Хмуренко. 6 апреля. 10.40
– …С 1972 по 1985 год работал старшим научным сотрудником в ведомственном НИИ Генпрокуратуры по изучению причин преступности, с 1985 по 1991-й – заместителем прокурора Москвы, в сентябре 1991-го благополучно вернулся назад в свой НИИ и был его директором до 1997 года. В институте, в 1972-1985 годах, завел дружбу с Виктором Ильичевым: работали вместе, доктор юридических наук Ильичев даже был свидетелем у него на свадьбе.
– Александр Сергеевич! Все, это понятно, ля-ля-фа-фа, тылы-былы. Тот, кому интересно, биографию уже прочел. А я – проштудировал. Про то, что Ильичев был у него шафером, допустим, нигде не упоминается. Но это же туфта все. Вопрос: поддерживали они отношения до последнего времени или нет и какую роль сыграл Ильичев и коммунисты вообще в продвижении Замятина на должность генпрокурора? Закулисную имеется в виду.
Хмуренко разлил кофе и подвинул молодому коллеге.
– Тебя, уважаемый Михаил батькович, не интересно жизни учить, поскольку ты сильно умный. Понятия не имею, здоровались они или нет с 1985-го по 1997-й, нужно проверить. При назначении Замятина Ильичев в Думе ратовал за него, аж из кожи вон лез, но сам Замятин на это реагировал сдержанно. Есть архивные пленки, обязательно подними, я тоже пересмотрю.
– Ладно, ладно, Александр Сергеевич, я все сделаю. Но вы же понимаете, и я понимаю: в верхнем слое ничего не наскребешь. Нужно вычислить круг знакомств Замятина в 80-е – начале 90-х, если брать достаточно близкие, получится не больше полусотни человек, ну пусть сто, далее: кто из них имеет тесные связи с КПРФ? Этих уже можно по пальцам пересчитать и, наконец, выяснить, с кем из них он встречался за неделю-две-три до своего назначения. Всплывет что-нибудь интересное – тогда все, считайте, ему каюк. За дело берутся профессионалы, и выкристаллизовывается самоочевидная схема: коммунисты продвинули на пост генпрокурора своего человека, он играет роль троянского коня в президентском лагере.
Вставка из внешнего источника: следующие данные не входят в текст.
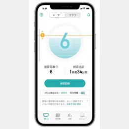 ①膀胱の膨らみの状態を1~10の数値で表示。また、時系列別(グラフ)で尿のたまり具合を確認することもできる。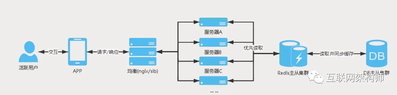 场景中的这些业务基本是用户进入APP后会操作到的,除了活动日(618,双11,等),这些业务的用户量都不会高聚集,同时这些业务相关的表都是大数据表,业务多是查询操作,所以我们需要减少用户直接命中DB的查询;优先查询缓存,如果缓存不存在,再进行DB查询,将查询结果缓存起来。

Втерся в доверие к президенту и его окружению, а спустя год начал под них копать, опираясь на поддержку коммунистов в Думе и Совете Федераций.
– Для чего?
– Программа максимум – добиться импичмента, программа минимум – правительственный кризис и полная дискредитация исполнительной власти. И между делом – выбивание из финансовых структур пожертвования в партийную кассу. Что и требовалось доказать.
– Не это требовалось доказать, – сказал Хмуренко недовольно, с расстановкой. – И не так! Кто-то проверит сто человек… То есть я должен дать заказ конторе типа «Вулкан», а потом за дело берутся профессионалы – Миша Лепешкин.
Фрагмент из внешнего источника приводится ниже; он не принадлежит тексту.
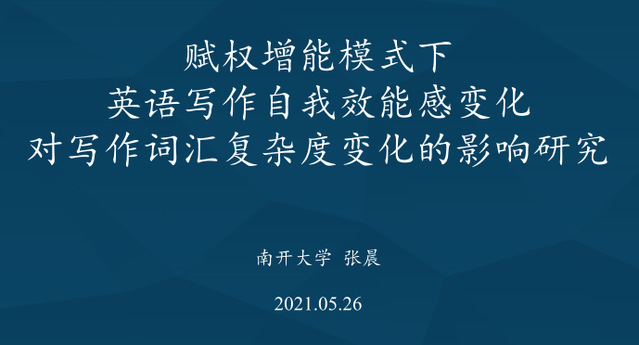 张晨以“赋权增能模式下英语写作自我效能感变化对写作词汇复杂度变化的影响研究”为题,从概述及文献回顾、研究方法、数据分析及结果、讨论与启示四个方面简要汇报了她应用“赋权增能理路”引领下的“做学用合一”自运行课堂模式进行英语专业二年级写作教学而展开的纵向定量研究。她的研究表明,对学生充分赋权有助于学生心理增能和语言产出增能。
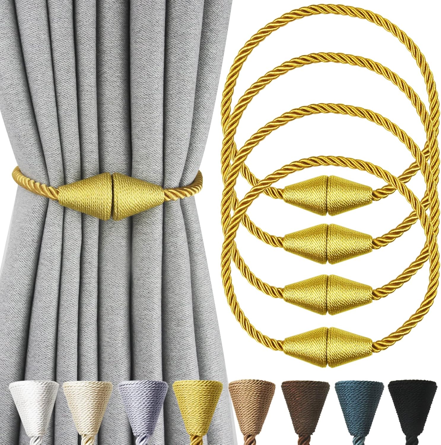 4 Pack Magnetic Curtain Tiebacks Rope Modern Handmade Curtain Tie Backs Decorative Drapes Weave Holdbacks for Window Décor, Gold

– Но я же все равно не смогу сам!
– Не сам. Ты в команде работаешь. Но своего маленького ЦРУ у меня нет. И дело даже не в этом. Что ты собираешься инкриминировать коммунистам? Что их ставленник взялся вывести на чистую воду «темные делишки антинародного режима»? Тогда сразу напрашивается вывод: кто организовал компромат на него, кому это выгодно?
– Я вас умоляю, Александр Сергеевич! Мы не в эфире! Кто организовал компромат?! Это и ребенку понятно.
– Значит, так. «Русское радио» слушаешь иногда? «Не учи отца, и баста!» Понятно трехлетнему ребенку? А нужно сделать так, чтобы академик не смог разобраться. Перед тобой стоит четкое задание: разработать концептуальный план серии передач про Замятина, в которой показать его связь не просто с голыми девками, а с расколом коммунистического блока. И времени у тебя до вечера. Все, иди думай пока! Мне на одиннадцать назначено к ба-альшому начальству.
– Замечательно, – пробурчал себе под нос Лепешкин. – Есть только две проблемы: где взять раскол и куда упрятать живот Сосновского, чтоб из-за каждого угла не выпирал.
Хмуренко, услыхав его слова, резко обернулся:
– Опять за свое?! Запомни, я с тобой эту тему снова обсуждать не намерен! Найди полмиллиарда баксов, открывай собственный канал и делай что хочешь. Давай, полный вперед!
– Я б с удовольствием, осталось найти полмиллиарда.
– Женись на внучке Сосновского.
– Она еще несовершеннолетняя.
– Значит, на дочери!
– Петр Витальевич еще не освободился! – надменно сообщила строгая секретарша, когда он вошел в приемную.
От ее диванно-пружинного голоска Хмуренко поморщился. Шефом скрипучей секретарши был заместитель начальника отдела информационных программ. Хмуренко его терпеть не мог и обычно в упор не замечал, проходил мимо не здороваясь. Но в данном случае уклониться от встречи не представлялось возможным: начальник отдела был в отпуске и Петр Витальевич временно исполнял обязанности. Сам он, кстати, всегда и всем улыбался, тому же Хмуренко, потрясая при этом заплывшими щеками и тремя подбородками.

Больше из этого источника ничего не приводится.